■ **Collected data**

· · · · · · ·

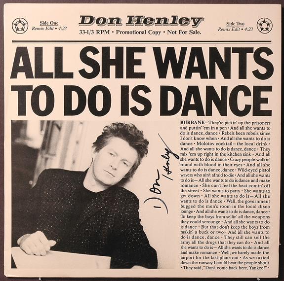 Henley, Don - Album Cover Signed. Promotional copy of the single, "All She Wants To Do Is Dance" signed by Henley on the cover with a felt-tip pen. The album is present; each side has a remix edit of the song that went to #9 and that appeared on Henley's 1984 album, "Building the Perfect Beast." Henley was a founding member of the Eagles (1971-80), one of the most successful rock groups of all time, before launching his solo career.
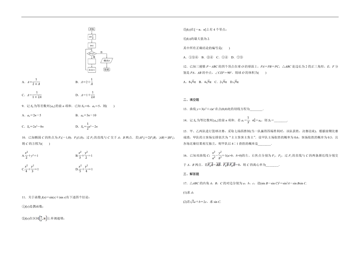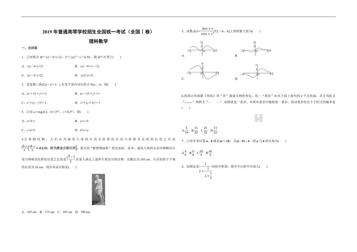 一、2019年高考真题数学【理】(山东卷)(原卷版)
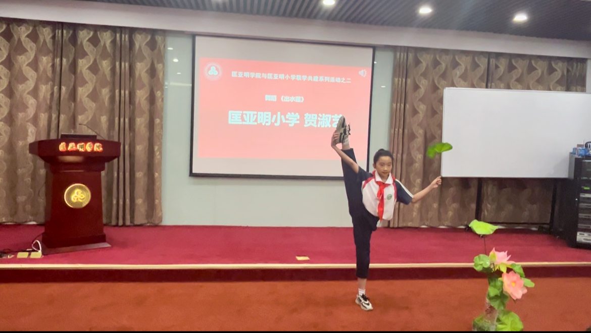 活动中,与会同学们给大家带来精彩的文艺表演。匡亚明小学贺淑艺同学表演了舞蹈《出水莲》,婀娜多姿,如出水芙蓉,赢得阵阵掌声。麻豆视频 2021级林佳雄同学展示了跳花绳,技术娴熟,身手矫健,展现力量与美的结合,获得连连喝彩。
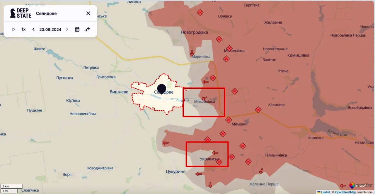- Vene väed on tõenäoliselt vallutanud enamiku, kui mitte kogu Hostre, ja vallutanud Selydove paranduskoloonia. Pärast Lääne-Krasnohorivka mehhaniseeritud rünnakuid jätkas Vene jalavägi tõenäoliselt Hostres edasitungimist, vallutades suurema osa asulast. Ukraina väed võivad endiselt säilitada positsioone kõige läänepoolsemates majades, kuid kui see on tõsi, tähendab see, et venelased läksid neist mööda ja tungisid Selydove paranduskolooniasse. Väidetavalt puhkesid piirkonda kaitsvate Ukraina vägede vahel kokkupõrked, kuid kuna venelased liikusid allamäge ja omasid arvulist ülekaalu, olid Ukraina väed tõenäoliselt sunnitud taanduma läände. Kui venelased liiguvad edasi läände, võimaldab see neil tulistada teed O0510, mis varustab Ukraina formatsioone Kesk- ja Lääne-Maksõmiljanivkas. Kui Ukraina sellest linnast taandub, langeb rindejoon tõenäoliselt Kurakhove suunas tagasi.

· · · · · · ·

■ **Problem description**
Print the listing verbatim; no pictures.

■ **Result of this exercise**
 Henley, Don - Album Cover Signed. Promotional copy of the single, "All She Wants To Do Is Dance" signed by Henley on the cover with a felt-tip pen. The album is present; each side has a remix edit of the song that went to #9 and that appeared on Henley's 1984 album, "Building the Perfect Beast." Henley was a founding member of the Eagles (1971-80), one of the most successful rock groups of all time, before launching his solo career.
 一、2019年高考真题数学【理】(山东卷)(原卷版)
 活动中,与会同学们给大家带来精彩的文艺表演。匡亚明小学贺淑艺同学表演了舞蹈《出水莲》,婀娜多姿,如出水芙蓉,赢得阵阵掌声。麻豆视频 2021级林佳雄同学展示了跳花绳,技术娴熟,身手矫健,展现力量与美的结合,获得连连喝彩。
- Vene väed on tõenäoliselt vallutanud enamiku, kui mitte kogu Hostre, ja vallutanud Selydove paranduskoloonia. Pärast Lääne-Krasnohorivka mehhaniseeritud rünnakuid jätkas Vene jalavägi tõenäoliselt Hostres edasitungimist, vallutades suurema osa asulast. Ukraina väed võivad endiselt säilitada positsioone kõige läänepoolsemates majades, kuid kui see on tõsi, tähendab see, et venelased läksid neist mööda ja tungisid Selydove paranduskolooniasse. Väidetavalt puhkesid piirkonda kaitsvate Ukraina vägede vahel kokkupõrked, kuid kuna venelased liikusid allamäge ja omasid arvulist ülekaalu, olid Ukraina väed tõenäoliselt sunnitud taanduma läände. Kui venelased liiguvad edasi läände, võimaldab see neil tulistada teed O0510, mis varustab Ukraina formatsioone Kesk- ja Lääne-Maksõmiljanivkas. Kui Ukraina sellest linnast taandub, langeb rindejoon tõenäoliselt Kurakhove suunas tagasi.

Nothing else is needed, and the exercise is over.